23日、ロシアの民間軍事会社「ワグネル」の創設者であるエフゲニー・プリゴジン氏ら10人を乗せた高級ジェット機が墜落し、全員が死亡する事故がロシアで起きた。このジェット機はブラジル企業であるエンブラエル社が製造したものだと、23日付G1サイトなど(1)(2)が報じている。
プリゴジン氏(62)は、ロシアによるウクライナ侵攻を含む複数の戦争に関与した傭兵グループ、ワグネルのリーダーだった。一部情報筋は、墜落機がミサイルで撃墜された可能性にも言及している。
ロシアの国営通信社のタス通信によると、墜落した「レガシー600」は最大15人が搭乗可能。現在の平均価格は約1400万ドル(約6790万レアル)だ。
同機は2002年から製造されており、翼長21メートル、全長26メートルの小~中型機だ。最高速度は870キロ/時で、航続可能距離は6290キロ。これは、聖市からカリブ海のバハマ諸島の首都ナッソーまでの距離とほぼ同じだ。同機は2010年に650Eにグレードアップされたが、パンデミックのため、2020年に製造が停止された。

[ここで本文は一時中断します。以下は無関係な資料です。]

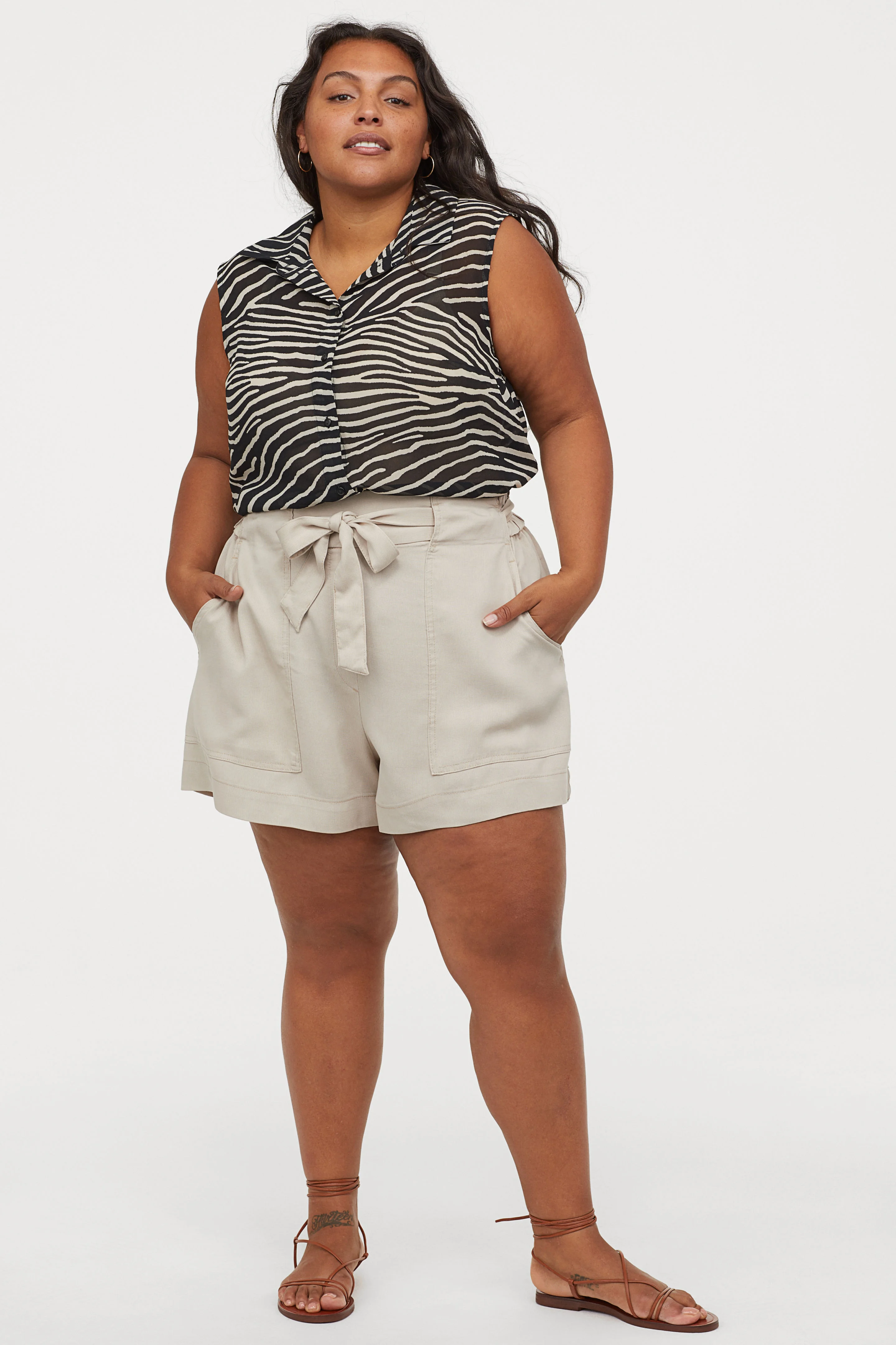 H M Plus Plus Size Paper Bag Shorts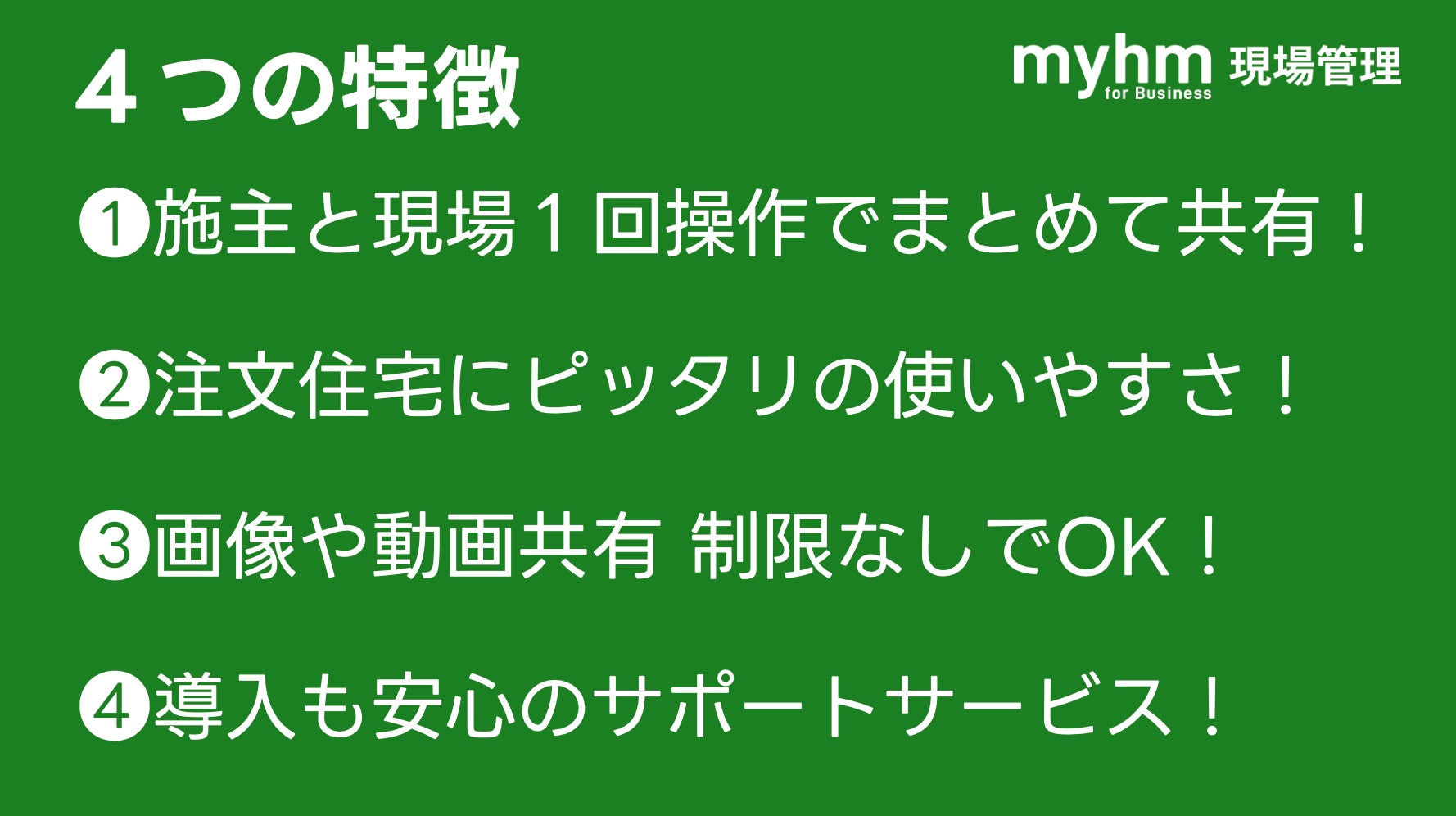 昨今、様々な建築規模に対応すべく、多機能、複雑化された現場管理サービスが増えています。「マイホムビズ現場管理」は住宅の建築現場に特化し、必要とされる機能のみにサービスを絞り、家づくりの現場に最適機な現場管理を提供しています。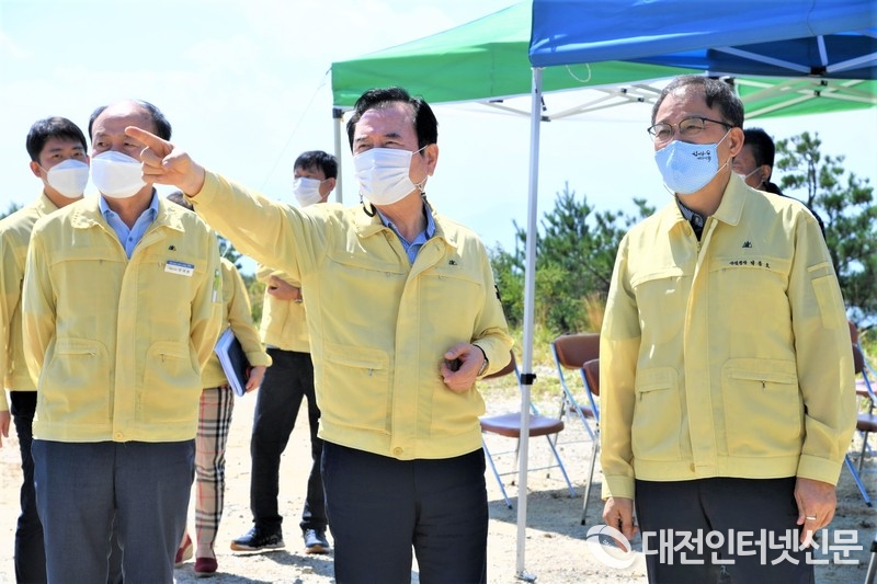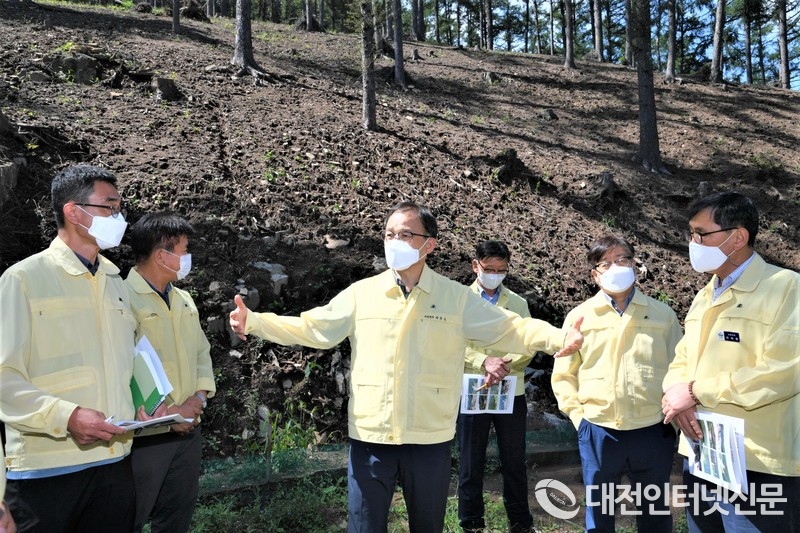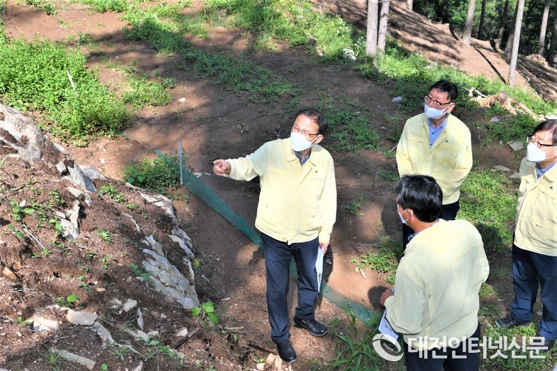 [대전인터넷신문=대전/박미서기자] 박종호 산림청장이 4일 경남 함양군 병곡면 산림유역관리사업장을 찾아 서춘수 함양군수와 제10호 태풍 '하이선'을 대비한 안전관리 상황을 점검하고 있다.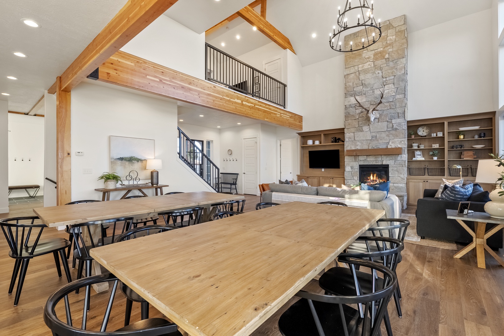 ...Black Timber Lodge-View of Living and Dining Area from Loft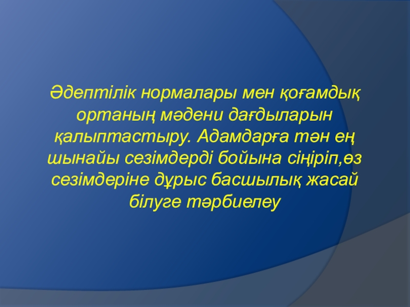 Слайд 3Әдептілік нормалары мен қоғамдық ортаның мәдени дағдыларын қалыптастыру. Адамдарға тән ең

エンブラエル社は事故後、「レガシー600」の墜落事故についての詳細な情報は得ていないとし、ロシアに課された制裁措置に従い、2019年以降、同機へのサポートや取引を停止しているとの声明を発表した。
一方、ブラジルの航空事故調査機関であるCenipaによれば、航空事故の原因解明は発生した国の責任となるため、事故原因の調査はロシアの管轄下で行われる予定だという。
また、ロシアの航空当局である国家間航空委員会は、事故の追跡と調査実施のために技術的なサポートが必要となった時に対応できるよう、事故に関する公式な予備情報をまとめた上で、ブラジル調査機関とエンブラエル社に提供する責任があると報じている。
ワグネルは、当初は経験豊富な戦闘員から成る集団だったが、戦争が長引くにつれ、囚人や外国人などの未訓練者を採用し、急拡大していった。
ワグネルはウクライナにおける最大激戦地であったバフムト市への攻撃を指揮したことで、世に知られることになった。ロシア政府から信任を得て、プーチン大統領の「私兵」とも呼ばれていたが、6月にブリゴジン氏と戦闘員がロシア政府に対する武装反乱を起こしていた。